Farm reform reversal seen hurting investment
India's repeal of agriculture laws aimed at deregulating produce markets will starve its vast farm sector of much-needed private investment and saddle the government with budget-sapping subsidies for years, economists said.
"All incentives to shift towards a more efficient, market-linked system (in agriculture) have been smothered," said Gautam Chikermane, a senior economist and VP at New Delhi-based Observer Research Foundation.
The u-turn allays farmers' fears of losing the minimum price system for basic crops, which growers say guarantees India's grain self-sufficiency.
"It appears the government realised that there's merit in the farmers' argument that opening up the sector would make them vulnerable to large companies, hammer commodities prices and hit farmers' income," said Devinder Sharma, a farm policy expert who has supported the growers' movement.
Chikermane said no political party will attempt any similar reforms for at least a quarter-century. And, in the absence of private investment, "inefficiencies in the system will continue to deliver wastage."
Though malnutrition accounts for 68 per cent of child deaths in India, the nation wastes around 67 million tonnes of food every year, worth about $12.25 billion—nearly five times that of most large economies—according to various studies.
Inadequate cold-chain storage, shortages of refrigerated trucks and insufficient food processing facilities are the main causes of waste.
The farm laws promised to allow traders, retailers and food processors to buy directly from farmers, bypassing more than 7,000 government-regulated wholesale markets. Ending this prcoess would have encouraged private participation in the supply chain, giving Indian and global companies incentives to invest in the sector, economists said.
"The agriculture laws would have removed the biggest impediment to large-scale purchases of farm goods by big corporations," said Harish Galipelli, director at ILA Commodities India Pvt Ltd, which trades farm goods. "And that would have encouraged corporations to bring investment to revamp and modernise the food supply chain."
Galipelli's firm will now have to re-evaluate its plans. "We have had plans to scale up our business," said Galipelli. "We would have expanded had the laws stayed."
Other firms in warehousing and food processing are also expected to review their expansion strategies, he said.
Poor post-harvest handling of produce also causes prices of perishables to yo-yo in India. Only three months ago, farmers dumped tomatoes on the road as prices crashed, but now consumers are paying a steep Rs 100 a kg.
The laws would have helped the $34 billion food processing sector grow exponentially, according to the Confederation of Indian Industry (CII).
Demand for fruit and vegetables would have gone up. That would have cut surplus rice and wheat output, economists said.
"Crop diversification would also have helped rein in subsidy spending," said Sandip Das, a farm policy analyst.
Food Corporation of India (FCI) racked up a record Rs 3.81 lakh crore ($51.83 billion) in debt by last fiscal year, inflating the country's food subsidy bill to a record Rs 5.25 lakh crore ($70.16 billion) in the year to March 2021.

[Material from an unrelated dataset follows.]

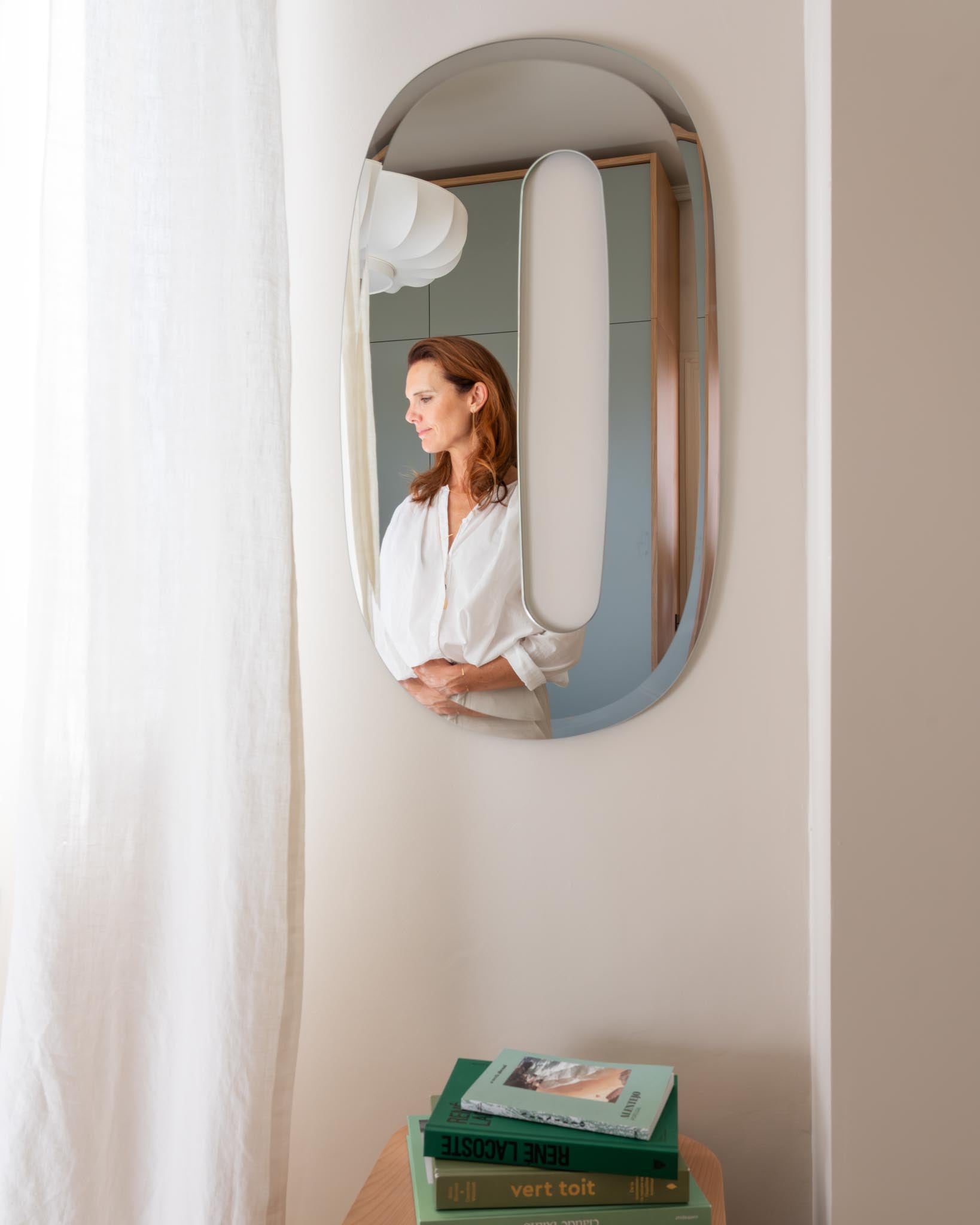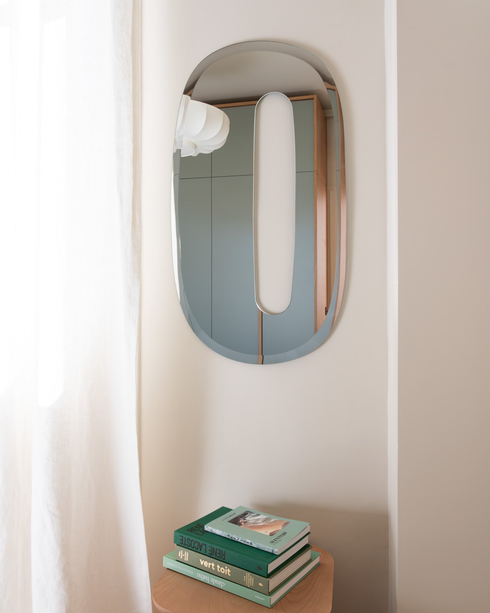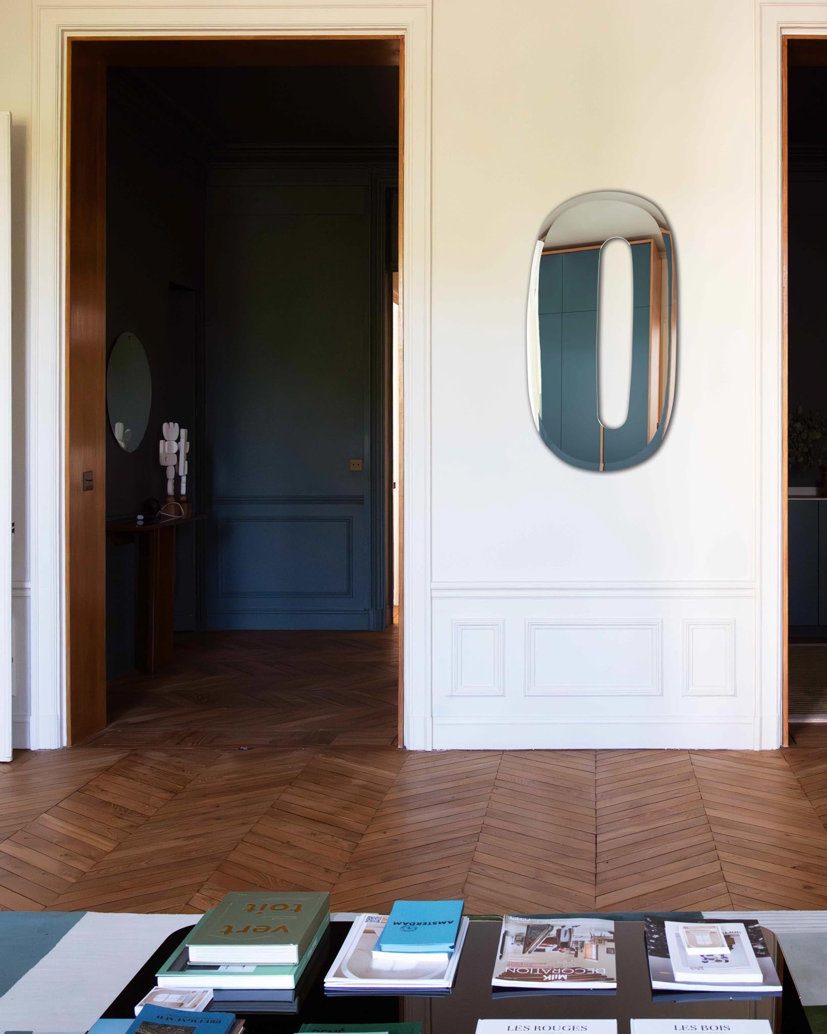 Kos, un miroir percé, sculptural, imaginé comme une flaque d’eau figée dans le temps. Sa forme organique joue avec les contrastes et la transparence : au centre, une ouverture laisse apparaître la couleur de votre mur ou le motif de votre papier peint, créant un dialogue subtil entre le miroir et son environnement. Ce jeu d’absence et de reflet engendre des illusions d’optique douces et poétiques. À la fois sobre, singulier et intemporel, il insuffle une touche énigmatique à votre intérieur. Le miroir Kos est éco-responsable en verre 100 % français

However, while the central government now has limited scope for change, local authorities "can opt for reforms provided they have the political will to do so," said Bidisha Ganguly, an economist at CII.
Similarly, venture capital-funded startups have also expressed interest in India's agriculture sector.
"Agritech, if it is allowed to take root, has the potential to enable a better handshake of farmers and consumers," Chikermane said.